We thank the esteemed reviewer for the observation. To make the question in title of our article look less superfluous, we have changed it to “Who Will Author the Synthetic Texts?”. We believe this accurately reflects the problem addressed in our work and at the same time popularly hints that the synthetic data generation is not straightforward.
> The article lacks a clear and strict description of the methods used with a declaration of input and output data and calculation formulas.
To make the description of the methods in our manuscript more clear and strict, we have provided more information about the two employed similarity / distance measures, as well as the calculation formulas (in the new sub-section 2.4). We have also provided more detail on the calculation of the measures in our study (see 3.4.1).
> No examples of compared data vectors are given.
To better illustrate our data, as the esteemed reviewer suggests, we have added several examples. In the new Table 2, we provide the most distant associations by ChatGPT. In the new Table 3, we provide the most distant associations of the human participants, and also illustrate for the reader how the associations vary for the same participants and different stimuli and for different participants and the same stimuli. Also, appendixes with more raw data will be made available upon the acceptance of the manuscript.

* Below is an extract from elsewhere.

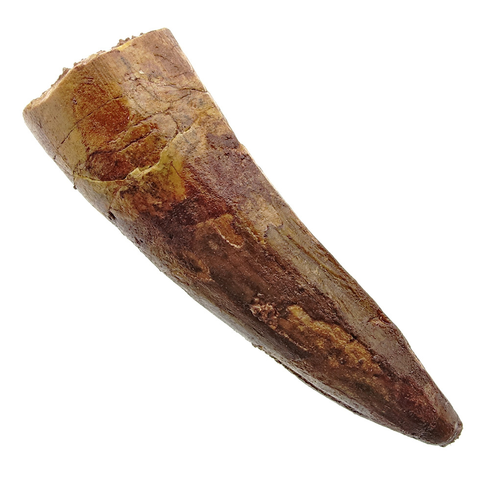 Fraaie tand van het grootste landroofdier dat ooit geleefd heeft. De spinosaurus kon wel 15 meter lang worden! Dat is 3 meter langer dan de T-rex. Recent onderzoek heeft uitgewezen dat de Spinosaurus ook een prima zwemmer was, dat zou ook de enorme kam op de rug van het dier verklaren.

> The experiment was conducted on data from a very narrowly limited area. All stimulus words are already associatively related to each other. The same list of associations, even from a real person, can be suitable for any of the stimulus words. Therefore, it is unclear whether the studied data set is representative enough to draw conclusions about the similarity or difference in the reactions of a person or a synthetic personality. … It is clear that these conclusions are valid only for the narrow sample of data that was studied.
The esteemed reviewer is correct in noting that the stimulus words used in our study belong to a relatively narrow domain. However, we believe that this is justified, as this is also the case for most topical textual content (cf. dictionaries, where terms from different domains have equal chances of being represented). Besides, our selection of the stimuli was performed via corpus-driven approach applied to two real university websites featuring real textual content. Finally, we believe that the validity of our study design is supported by the outcome of testing the hypotheses H1-1 and H1-2: the effect of Is_different_stimulus was significant for both the models and the human participants (p < 0.001). This suggests that they could distinguish the different stimulus words well enough.
That said, we added a specific notice in the Discussion that our study has been performed for the stimuli and associations belonging to a specific domain.
Author Response File: Author Response.pdf
Round 2
Reviewer 2 Report
Comments and Suggestions for AuthorsThe authors have made considerable efforts to address the comments, and I am satisfied with the revised manuscript.
Reviewer 3 Report
Comments and Suggestions for AuthorsThe authors took into account the reviewer's comments, improving the presentation of the article material. The description of the mathematical model and the experimental part has been expanded. The question of the representativeness of the studied data remains open, since the stimuli words are associatively related to each other. It is recommended to take this into account in further research. I recommend this version of the article for publication as one of the pilot studies in this direction.